Distribute sequences into multiple files based on a variable/function or advanced expression

or advanced expressions specified in the output path (-o/--output). See --help and --help-vars for more information. In contrast to other commands, the output argument (-o) of the 'split' command can contain variables/functions to determine the file path for each sequence.

Usage: st split [OPTIONS] [INPUT]...

Options:
  -h, --help  Print help

'Split' command options:
  -n, --num-seqs <N>     Split into chunks of <N> sequences and writes each
                         chunk to a separate file with a numbered suffix. The
                         output path is: '{filestem}_{chunk}.{default_ext}',
                         e.g. 'input_name_1.fasta'. Change with `-o/--output`
  -p, --parents          Automatically create all parent directories of the
                         output path
  -c, --counts <COUNTS>  Write a tab-separated list of file path + record count
                         to the given file (or STDOUT if `-` is specified)
See this page for the options common to all commands.

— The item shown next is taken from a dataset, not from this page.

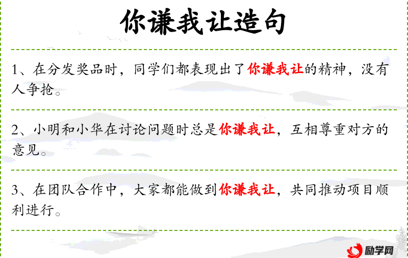 “你谦我让”体现了**传统文化中的谦逊美德,这种行为在团队合作中被视为积极和必要的。

Immagine this FASTA file (input.fa):

>seq1 group=1
SEQUENCE
>seq2 group=2
SEQUENCE
>seq3 group=1
SEQUENCE
st split -o "group_{attr(group)}.fa" input.fasta

This will create the files group_1.fa and group_2.fa. In more complicated scenarios, variables may be combined for creating nested subfolders of any complexity.

An example of de-multiplexing sequences by forward primer is found in the documetation of the find command.

Variables available in the split command

chunk If -n/--num-seqs was specified, the 'chunk' variable contains the number of the current sequence batch, starting with 1. Note that the 'chunk' variable is only available with -n/--num-seqs, otherwise there will be a message: "Unknown variable/function: chunk"

Example

Split input into chunks of 1000 sequences, which will be named outdir/file_1.fq, outdir/file_2.fq, etc.:

st split -n 1000 -po 'outdir/out_{chunk}.fq' input.fastq
Output files (`ls outdir/out_*.fq`):
outdir/out_1.fq
outdir/out_2.fq
(...)